We offer a safe and supportive environment and an all-foods-fit approach . This acknowledges that all foods can be part of a balanced diet and no foods are “good” or “bad.” Providing variety with food allows us to honor all realms of our health: physical, social and emotional . Incorporating a variety of foods ensures that our body is getting all the nutrients it needs to thrive.
This approach sets a strong foundation with nutrition that allows you to develop a peaceful relationship with food.
Our dietitians are an integral part of our compassionate care team. They work alongside your other providers (psychiatrist, primary care doctor, therapist) to ensure you are provided with the support you need to heal. It is common for nutritional needs to change throughout your recovery, and our dietitians are here to make the process as seamless and stress-free as possible. They can provide you and your family with the education and support you need to build confidence in your body and your ability to appropriately nourish it.
How can a dietitian help me with an eating disorder?
Dietitians can help your brain and body heal from an eating disorder. Levinstein explains:
“At ERC, our dietitians support nutritional rehabilitation, psychoeducation, emotional support, and overall treatment planning for the patient. They are a key player on the team, working in collaboration with the rest of the care team to highlight both nutritional progress and areas that need continued support, which are critical components of the recovery process.”

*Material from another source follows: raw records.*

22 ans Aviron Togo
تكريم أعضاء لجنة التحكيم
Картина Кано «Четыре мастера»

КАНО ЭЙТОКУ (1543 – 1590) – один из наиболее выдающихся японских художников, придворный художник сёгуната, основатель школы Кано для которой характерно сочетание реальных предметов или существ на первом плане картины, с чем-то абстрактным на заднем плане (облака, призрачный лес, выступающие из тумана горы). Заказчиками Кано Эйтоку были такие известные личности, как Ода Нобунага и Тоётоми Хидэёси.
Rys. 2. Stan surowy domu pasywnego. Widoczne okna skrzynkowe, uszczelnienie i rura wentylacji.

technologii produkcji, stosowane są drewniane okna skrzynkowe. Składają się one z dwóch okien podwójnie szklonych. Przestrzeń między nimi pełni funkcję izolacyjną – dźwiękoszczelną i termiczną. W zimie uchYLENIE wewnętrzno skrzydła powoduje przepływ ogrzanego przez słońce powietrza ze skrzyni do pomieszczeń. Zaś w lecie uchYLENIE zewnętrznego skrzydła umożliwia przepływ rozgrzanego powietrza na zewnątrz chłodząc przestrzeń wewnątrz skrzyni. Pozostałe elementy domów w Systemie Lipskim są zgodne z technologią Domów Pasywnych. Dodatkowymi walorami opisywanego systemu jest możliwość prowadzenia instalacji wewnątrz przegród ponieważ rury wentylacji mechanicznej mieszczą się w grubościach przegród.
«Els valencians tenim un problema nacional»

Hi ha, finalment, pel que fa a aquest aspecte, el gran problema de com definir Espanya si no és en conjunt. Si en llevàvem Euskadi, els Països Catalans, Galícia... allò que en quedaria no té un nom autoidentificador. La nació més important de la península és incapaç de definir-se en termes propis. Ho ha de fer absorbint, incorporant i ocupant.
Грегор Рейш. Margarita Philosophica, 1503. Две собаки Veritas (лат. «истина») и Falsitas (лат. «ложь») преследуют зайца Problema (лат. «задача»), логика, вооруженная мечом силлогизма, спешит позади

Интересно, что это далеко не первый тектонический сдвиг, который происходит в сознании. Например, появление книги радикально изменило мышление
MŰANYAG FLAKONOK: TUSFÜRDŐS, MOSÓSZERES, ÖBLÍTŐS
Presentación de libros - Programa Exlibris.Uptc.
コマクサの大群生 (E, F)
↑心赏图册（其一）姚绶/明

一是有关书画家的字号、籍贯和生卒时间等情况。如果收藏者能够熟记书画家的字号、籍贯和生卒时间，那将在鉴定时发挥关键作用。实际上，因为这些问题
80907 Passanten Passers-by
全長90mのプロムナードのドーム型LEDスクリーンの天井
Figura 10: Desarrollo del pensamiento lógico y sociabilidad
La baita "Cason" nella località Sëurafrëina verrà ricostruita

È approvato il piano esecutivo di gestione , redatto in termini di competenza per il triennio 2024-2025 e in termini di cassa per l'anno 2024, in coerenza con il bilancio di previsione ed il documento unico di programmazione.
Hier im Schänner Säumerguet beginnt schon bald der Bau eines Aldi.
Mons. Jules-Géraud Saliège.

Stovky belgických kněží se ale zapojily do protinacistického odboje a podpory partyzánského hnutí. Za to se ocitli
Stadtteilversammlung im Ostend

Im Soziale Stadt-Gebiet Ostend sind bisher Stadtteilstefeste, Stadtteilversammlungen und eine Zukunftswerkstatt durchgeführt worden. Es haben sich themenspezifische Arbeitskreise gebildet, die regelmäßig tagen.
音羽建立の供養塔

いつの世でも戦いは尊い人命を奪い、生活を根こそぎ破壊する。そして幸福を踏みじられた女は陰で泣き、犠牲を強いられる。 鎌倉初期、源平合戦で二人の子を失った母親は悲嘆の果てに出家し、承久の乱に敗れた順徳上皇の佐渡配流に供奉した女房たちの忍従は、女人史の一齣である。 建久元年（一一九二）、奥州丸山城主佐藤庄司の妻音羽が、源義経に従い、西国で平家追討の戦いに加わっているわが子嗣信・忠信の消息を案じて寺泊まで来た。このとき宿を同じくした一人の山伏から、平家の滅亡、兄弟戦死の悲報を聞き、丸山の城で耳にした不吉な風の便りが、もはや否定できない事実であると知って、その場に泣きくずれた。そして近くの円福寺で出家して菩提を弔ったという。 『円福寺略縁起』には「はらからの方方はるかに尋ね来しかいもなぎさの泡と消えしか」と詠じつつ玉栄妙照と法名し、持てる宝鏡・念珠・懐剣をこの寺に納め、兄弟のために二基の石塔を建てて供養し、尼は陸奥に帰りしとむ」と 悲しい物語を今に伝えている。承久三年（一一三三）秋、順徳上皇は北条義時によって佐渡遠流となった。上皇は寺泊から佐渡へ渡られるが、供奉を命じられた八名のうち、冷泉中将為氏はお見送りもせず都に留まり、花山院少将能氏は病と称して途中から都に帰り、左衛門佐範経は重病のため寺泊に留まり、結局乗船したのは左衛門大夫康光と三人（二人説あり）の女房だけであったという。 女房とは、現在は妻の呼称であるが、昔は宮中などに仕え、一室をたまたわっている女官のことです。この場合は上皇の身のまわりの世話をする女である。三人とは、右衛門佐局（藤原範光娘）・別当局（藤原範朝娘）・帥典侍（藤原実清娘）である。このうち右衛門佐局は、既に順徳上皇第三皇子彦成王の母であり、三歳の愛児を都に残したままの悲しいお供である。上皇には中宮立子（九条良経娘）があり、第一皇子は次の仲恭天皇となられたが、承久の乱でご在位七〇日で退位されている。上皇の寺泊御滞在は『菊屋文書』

You may be asking yourself, how can a dietitian help me in my own recovery? Often, when seeking recovery from an eating disorder, the need for a dietitian can be overlooked. Sometimes you may even be concerned that a dietitian will just say “eat this, not that” or you may be worried that meeting with a dietitian will result in the creation of more food rules.
However, our approach to nutrition education and rehabilitation is different. We believe:
- All foods fit.
- Health is not black and white.
- Anyone can start building a peaceful relationship with food.

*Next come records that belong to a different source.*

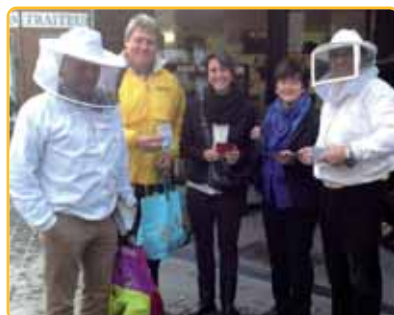
De N-VA-afdeling in pilootgemeente Diepenbeek deelde folders en bloembollen uit.

Ondertussen volgden al meer dan 25 andere afdelingen het voorbeeld van de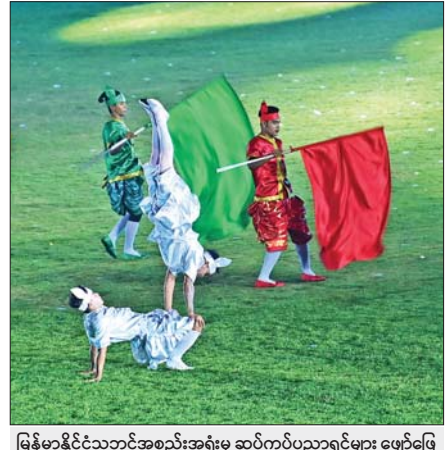
မြန်မာနိုင်ငံသဘင်အစည်းအရုံးမှ ဆပ်ကပ်ပညာရှင်များ ဖျော်ဖြေတင်ဆက်မှုကို တွေ့ရစဉ်။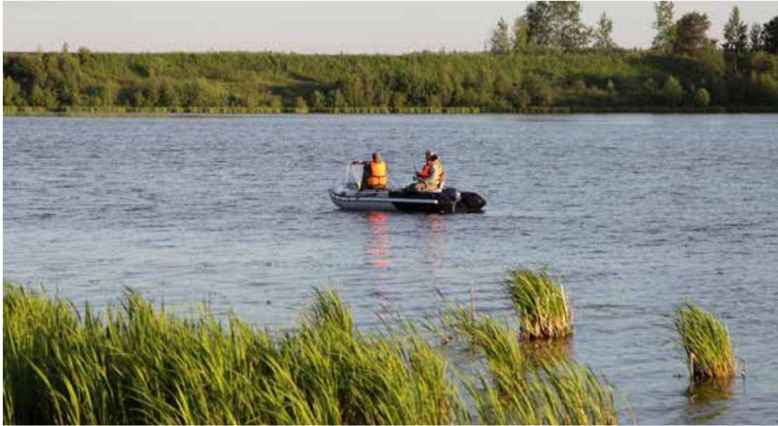
Attēlam ir ilustratīva nozīme.

Atrašanās un pārvietošanās ar laivu ir saistīta ar dažādiem riskiem un lielu bīstamību, jo dažādu apstākļu ietekmē laiva var apgāzties, turklāt šobrīd ūdens temperatūra ir zema, līdz ar to cilvēkam, atrodoties ūdenī, iespējama vispārēja ķermeņa atdzišana. Turklāt ne vienmēr negadījumiem uz ūdens ir aculiecinieki, kuri savlaicīgi var piezvanīt glābšanas dienestiem.

Levinstein explains, “Our approach to nutrition comes from a space of building consistency, balance and variety in the most liberalized way possible. We take an individualized approach to ensure each person’s nutritional needs are met.”

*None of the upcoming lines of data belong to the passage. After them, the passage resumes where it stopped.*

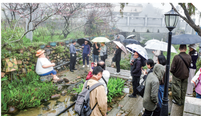
采访团调研走访军营村九龙溪,了解生态治理成果。

调研采访团先后来到白交祠村村部、地质灾害安置房项目现场,了解党群服务中心提升改造情况与民生保障项目建设进展;走进军营村九龙溪,水清岸绿、景致宜人,生态治理成效显著,长者食堂暖意融融,公共服务持续提质;在高山生态茶园,万亩茶园绿意盎然,茶旅融合带动村民增收,特色民宿等旅游业态蓬勃发展,农文旅融合路径清晰。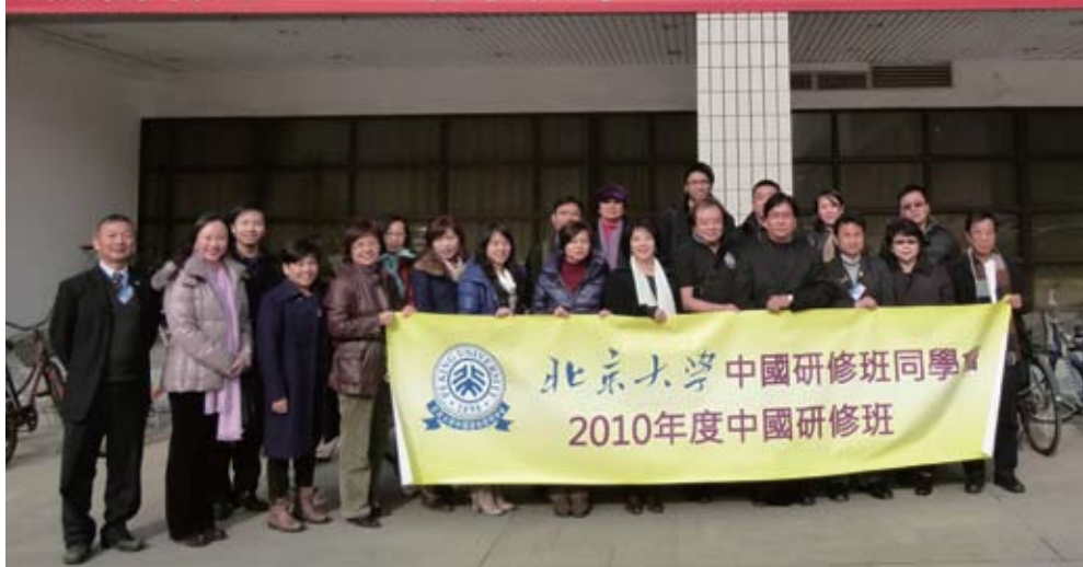
2010年出席研修班的新舊同學們一起大合照。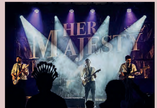
El Grup de versions Her Majesty

Diumenge 30, a partir de les 11 j taller de titelles i a les 12 h cercavila amb els gegants de la Ràpita. A les 13.30 h vermut popular. Per la tarda hi haurà animació infantil amb Lo Biel Pallaso a parit de les 18 h. El final de festa serà a partir de les 20 h amb sopar popular (reserva prèvia) i amenitzat pel quartet Banda Sonora.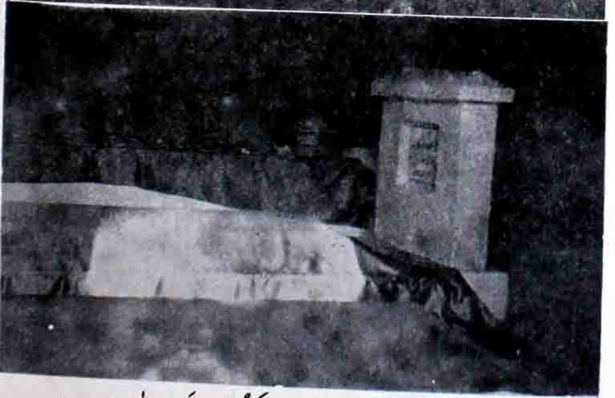
مزار مبارک حضرت خواجہ محمد معصوم رحمۃ اللہ علیہ - سرسید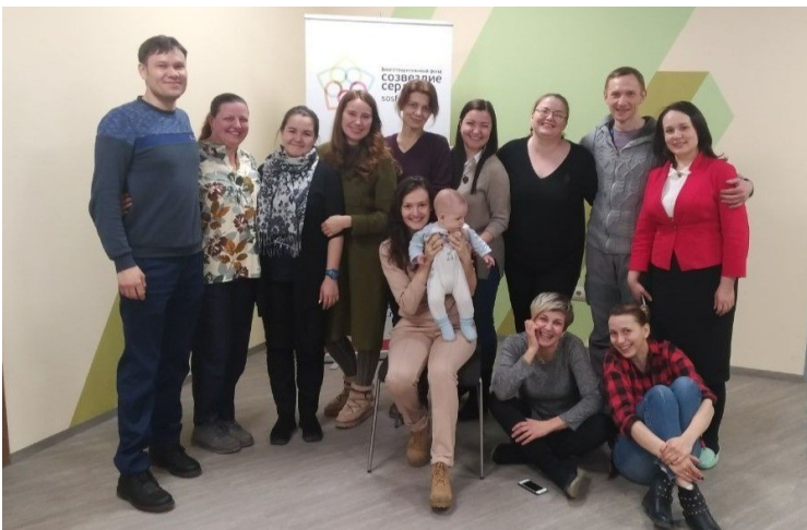
Команда фонда «Созвездие сердец»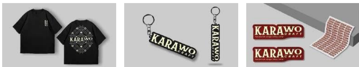
Gambar 4. Tampilan T-Shirt, Keychain, dan Sticker

Media promosi yang digunakan terdiri dari berbagai jenis dengan fungsi dan karakteristik yang beragam. X-Banner menjadi media utama yang dicetak menggunakan digital printing dengan ukuran 160 cm x 60 cm, dirancang untuk menarik perhatian audiens secara langsung. Selain itu, poster berukuran A3 yang dicetak menggunakan bahan Art Paper 150 gr digunakan untuk memberikan informasi kepada audiens dan dapat ditempatkan di berbagai lokasi strategis. Media lainnya adalah billboard, yang berfungsi mengiklankan produk, jasa, atau acara serta menyampaikan informasi kepada khalayak luas.

We use the food exchange system when creating a specialized meal plan to ensure you are meeting your body’s unique micronutrient (think vitamins/minerals) and macronutrient (think carbohydrates, fats and proteins) needs. This meal plan will serve as the foundation to renourish your body and restore its ability to transition into intuitive eating in the future.
Our dietitians are here not only to help ensure your body is receiving the nutrients it needs to heal but also to teach you how foods are used in your body. We help you build confidence in understanding your body’s needs and how your body can communicate those needs to you.
We also help you learn how to meet your nutritional needs outside of treatment, with practical skills you can use when grocery shopping or eating at a restaurant.
What does aftercare look like?
After getting the care you need, our team will ensure you have a smooth transition to outpatient care. If you have already been working with an outpatient dietitian, we will communicate with them to coordinate care. If not, our team will provide a recommendation for an outpatient dietitian that specializes in eating disorders near you. You can continue to work on your nutrition goals and create new ones as you progress through recovery.